**The data:**
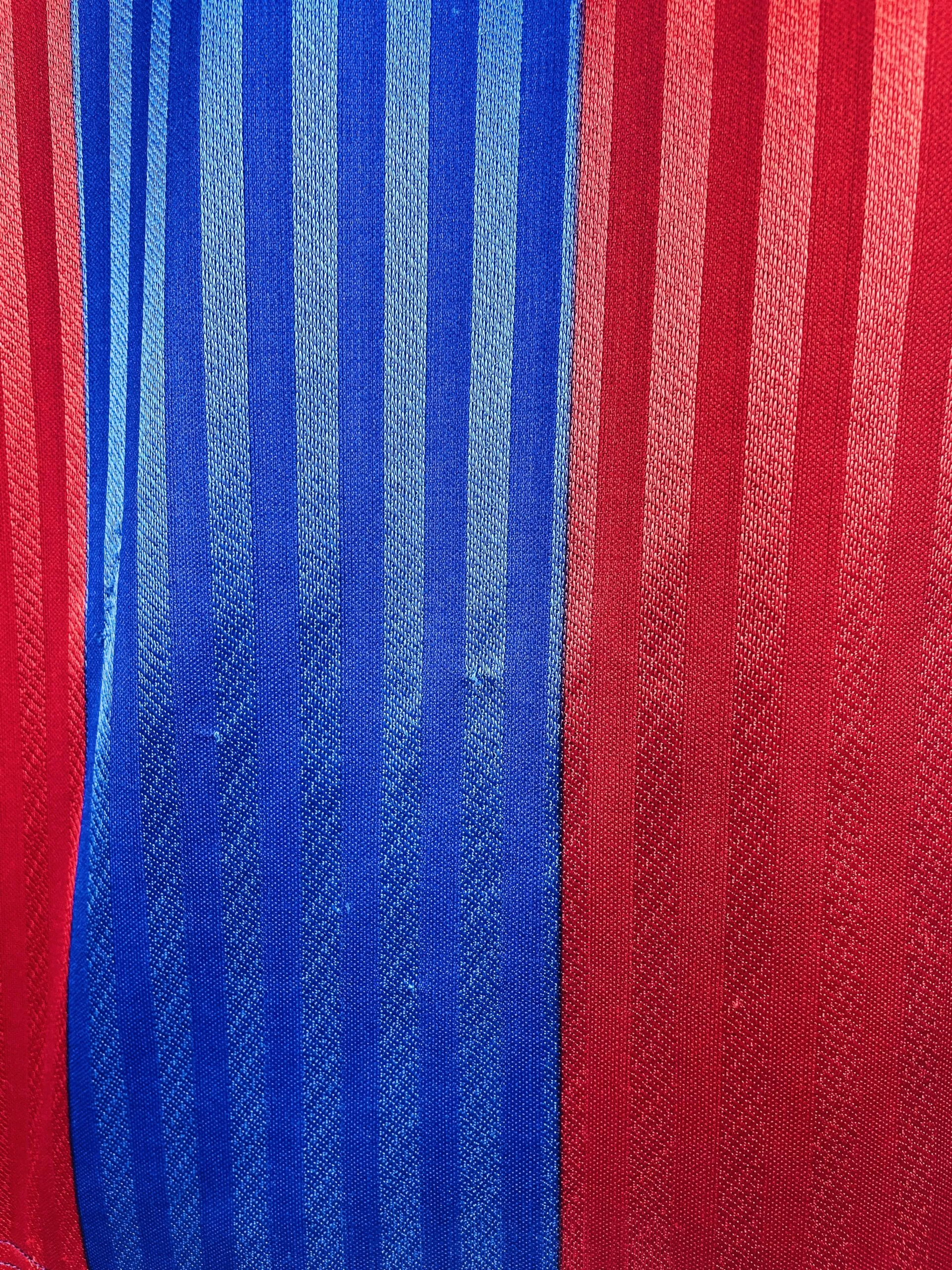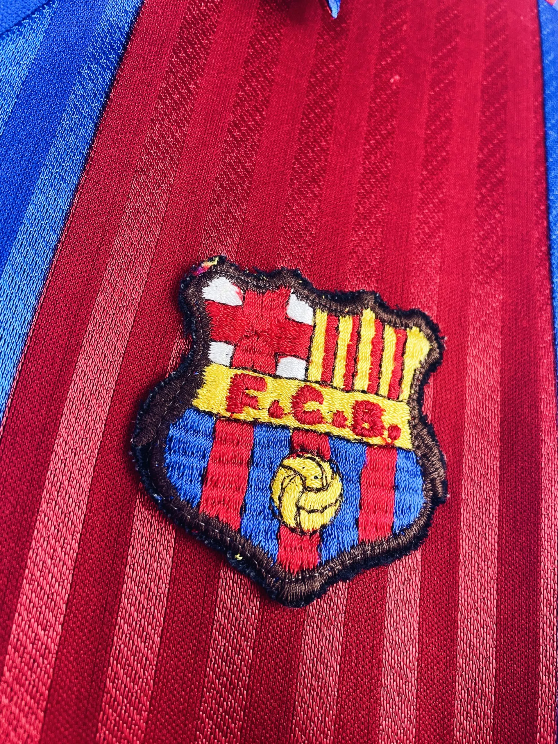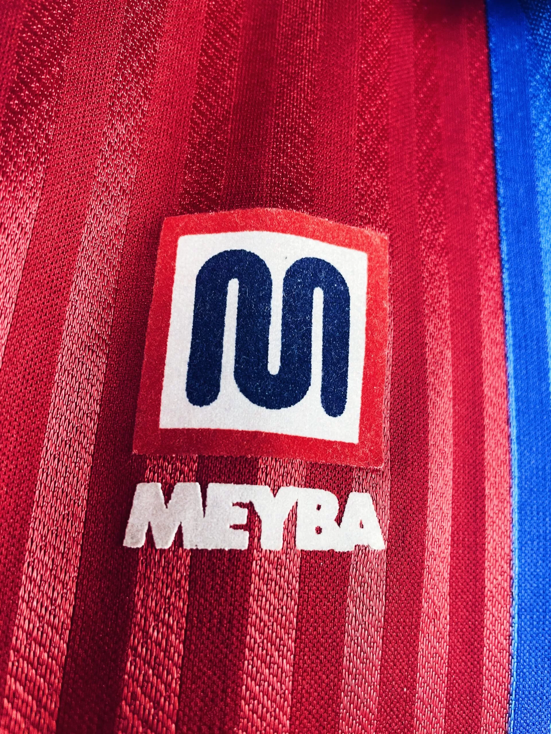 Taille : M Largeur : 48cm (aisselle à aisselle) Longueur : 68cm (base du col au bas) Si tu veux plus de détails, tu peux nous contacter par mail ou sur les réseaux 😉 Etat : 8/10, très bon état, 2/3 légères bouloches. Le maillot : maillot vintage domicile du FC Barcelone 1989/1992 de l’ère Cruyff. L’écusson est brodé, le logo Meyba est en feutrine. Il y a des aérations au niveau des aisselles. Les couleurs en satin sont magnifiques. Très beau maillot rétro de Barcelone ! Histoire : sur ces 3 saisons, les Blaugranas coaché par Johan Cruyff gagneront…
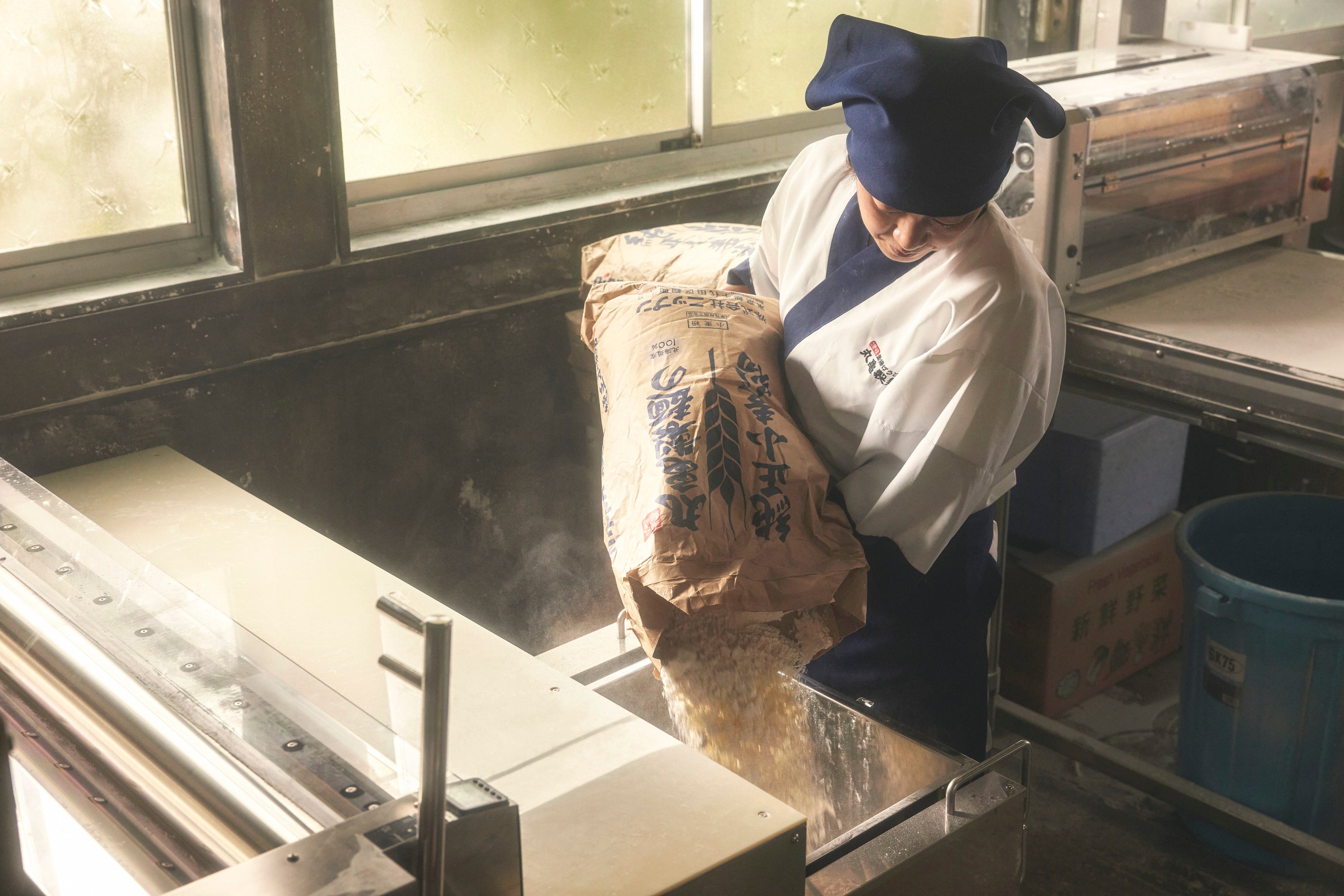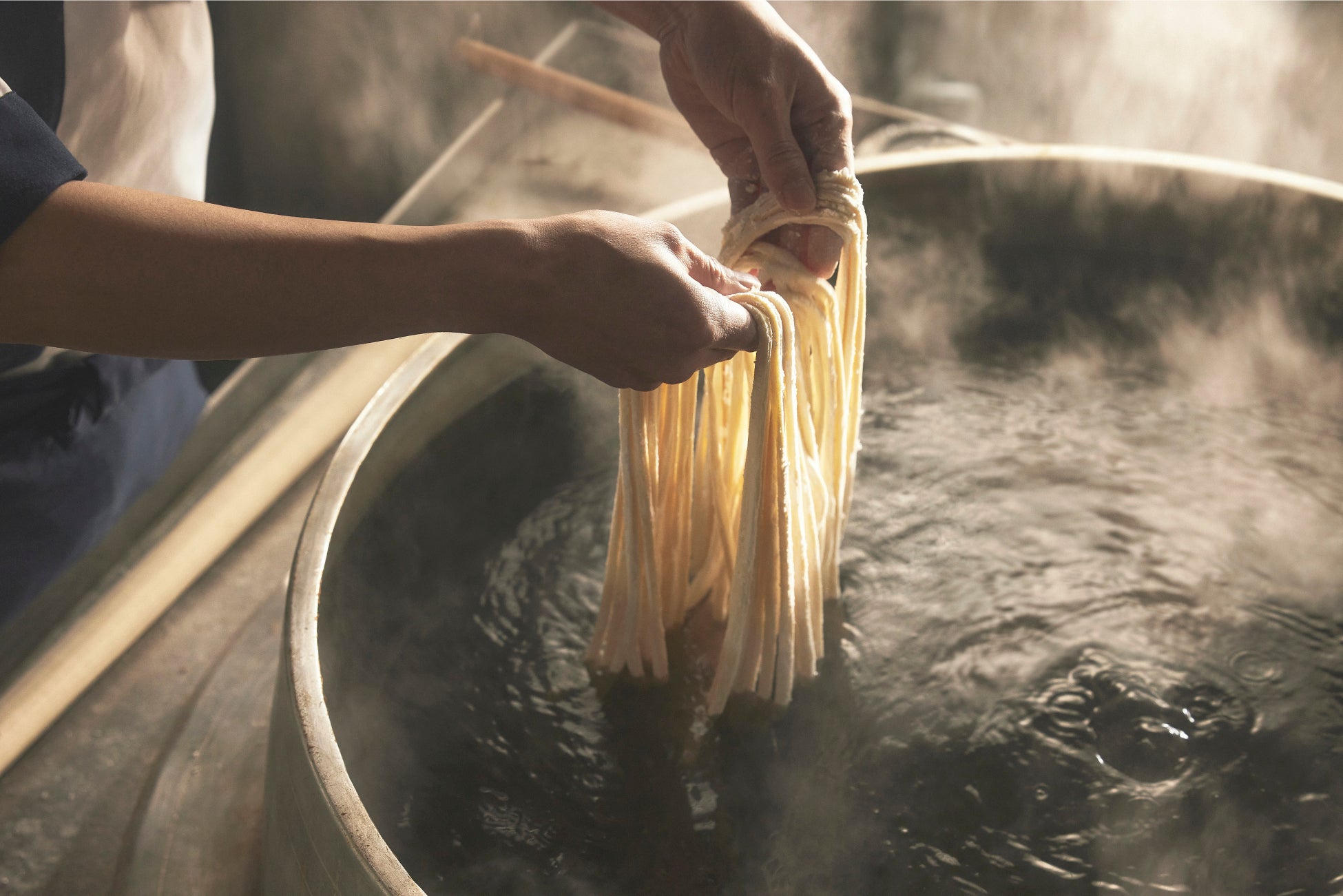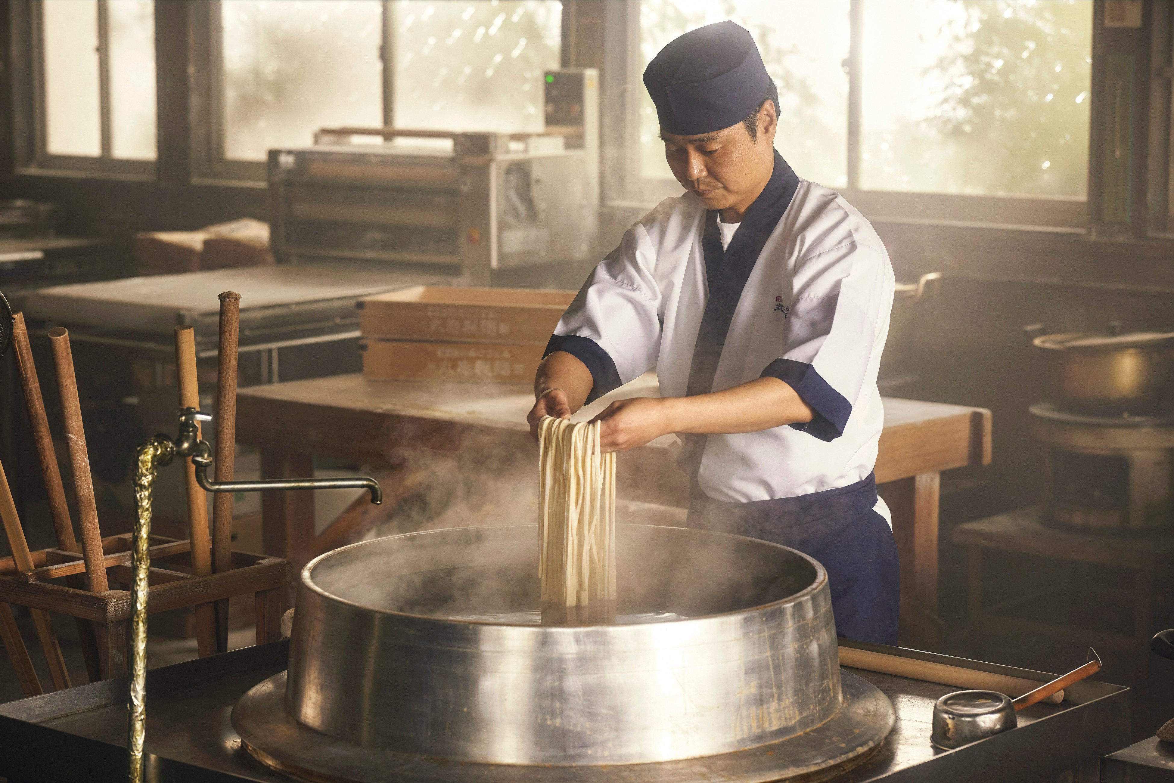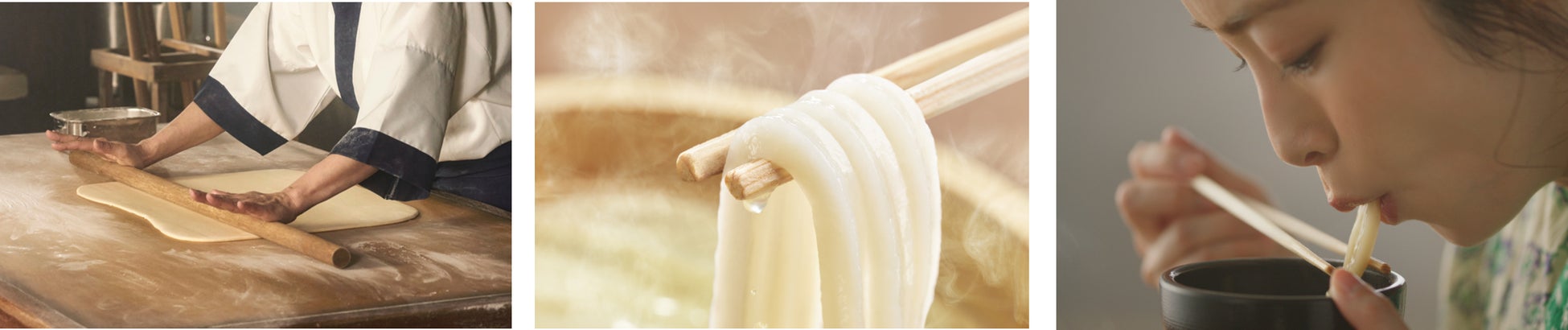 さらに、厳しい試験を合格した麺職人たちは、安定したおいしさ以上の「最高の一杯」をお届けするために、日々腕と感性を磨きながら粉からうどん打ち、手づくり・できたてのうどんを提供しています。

* * *

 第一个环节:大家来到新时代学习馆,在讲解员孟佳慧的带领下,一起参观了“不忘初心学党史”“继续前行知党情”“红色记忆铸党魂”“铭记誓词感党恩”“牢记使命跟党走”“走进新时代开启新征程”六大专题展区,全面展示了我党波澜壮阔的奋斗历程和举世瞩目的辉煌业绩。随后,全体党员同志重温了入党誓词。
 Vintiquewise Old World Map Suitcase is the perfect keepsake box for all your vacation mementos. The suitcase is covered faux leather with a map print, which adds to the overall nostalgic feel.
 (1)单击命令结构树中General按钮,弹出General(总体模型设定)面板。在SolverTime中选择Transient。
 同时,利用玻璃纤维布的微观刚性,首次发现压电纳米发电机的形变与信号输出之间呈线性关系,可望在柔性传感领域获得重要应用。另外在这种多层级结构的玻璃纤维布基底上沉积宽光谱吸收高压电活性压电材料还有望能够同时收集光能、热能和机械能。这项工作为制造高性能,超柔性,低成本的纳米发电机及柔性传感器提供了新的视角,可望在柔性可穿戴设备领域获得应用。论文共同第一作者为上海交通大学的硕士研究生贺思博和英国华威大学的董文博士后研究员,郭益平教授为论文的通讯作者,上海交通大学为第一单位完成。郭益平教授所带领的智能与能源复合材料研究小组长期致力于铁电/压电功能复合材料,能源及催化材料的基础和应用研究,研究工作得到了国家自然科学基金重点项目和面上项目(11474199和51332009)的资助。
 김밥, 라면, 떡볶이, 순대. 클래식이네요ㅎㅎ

**Exercise aim:** Return only the stretch of the material above from the line holding "第一个环节:大家来到新时代学" through the line holding "김밥, 라면, 떡볶이, 순대. 클래식이네요ㅎㅎ", copied exactly.

**Response area:**
 第一个环节:大家来到新时代学习馆,在讲解员孟佳慧的带领下,一起参观了“不忘初心学党史”“继续前行知党情”“红色记忆铸党魂”“铭记誓词感党恩”“牢记使命跟党走”“走进新时代开启新征程”六大专题展区,全面展示了我党波澜壮阔的奋斗历程和举世瞩目的辉煌业绩。随后,全体党员同志重温了入党誓词。
 Vintiquewise Old World Map Suitcase is the perfect keepsake box for all your vacation mementos. The suitcase is covered faux leather with a map print, which adds to the overall nostalgic feel.
 (1)单击命令结构树中General按钮,弹出General(总体模型设定)面板。在SolverTime中选择Transient。
 同时,利用玻璃纤维布的微观刚性,首次发现压电纳米发电机的形变与信号输出之间呈线性关系,可望在柔性传感领域获得重要应用。另外在这种多层级结构的玻璃纤维布基底上沉积宽光谱吸收高压电活性压电材料还有望能够同时收集光能、热能和机械能。这项工作为制造高性能,超柔性,低成本的纳米发电机及柔性传感器提供了新的视角,可望在柔性可穿戴设备领域获得应用。论文共同第一作者为上海交通大学的硕士研究生贺思博和英国华威大学的董文博士后研究员,郭益平教授为论文的通讯作者,上海交通大学为第一单位完成。郭益平教授所带领的智能与能源复合材料研究小组长期致力于铁电/压电功能复合材料,能源及催化材料的基础和应用研究,研究工作得到了国家自然科学基金重点项目和面上项目(11474199和51332009)的资助。
 김밥, 라면, 떡볶이, 순대. 클래식이네요ㅎㅎ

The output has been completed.